EXERCISE GOAL:
The entries below contain a line with "今場賽事的其中一個有趣之處,就是雙方的前" and a line with "BOLMONG – Pemerintah". Retype exactly everything from the first down to the second, both included, and nothing else.

DATA FOR PROCESSING:
────────────────────────────────────────

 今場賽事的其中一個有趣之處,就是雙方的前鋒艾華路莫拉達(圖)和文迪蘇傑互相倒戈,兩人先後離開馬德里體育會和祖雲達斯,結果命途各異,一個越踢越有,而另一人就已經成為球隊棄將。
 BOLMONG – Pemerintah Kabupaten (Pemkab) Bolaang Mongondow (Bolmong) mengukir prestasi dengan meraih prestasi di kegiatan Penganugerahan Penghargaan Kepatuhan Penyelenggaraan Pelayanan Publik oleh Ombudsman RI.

────────────────────────────────────────

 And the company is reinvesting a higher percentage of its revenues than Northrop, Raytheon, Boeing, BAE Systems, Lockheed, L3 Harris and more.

────────────────────────────────────────

RESPONSE TO THE EXERCISE:
 今場賽事的其中一個有趣之處,就是雙方的前鋒艾華路莫拉達(圖)和文迪蘇傑互相倒戈,兩人先後離開馬德里體育會和祖雲達斯,結果命途各異,一個越踢越有,而另一人就已經成為球隊棄將。
 BOLMONG – Pemerintah Kabupaten (Pemkab) Bolaang Mongondow (Bolmong) mengukir prestasi dengan meraih prestasi di kegiatan Penganugerahan Penghargaan Kepatuhan Penyelenggaraan Pelayanan Publik oleh Ombudsman RI.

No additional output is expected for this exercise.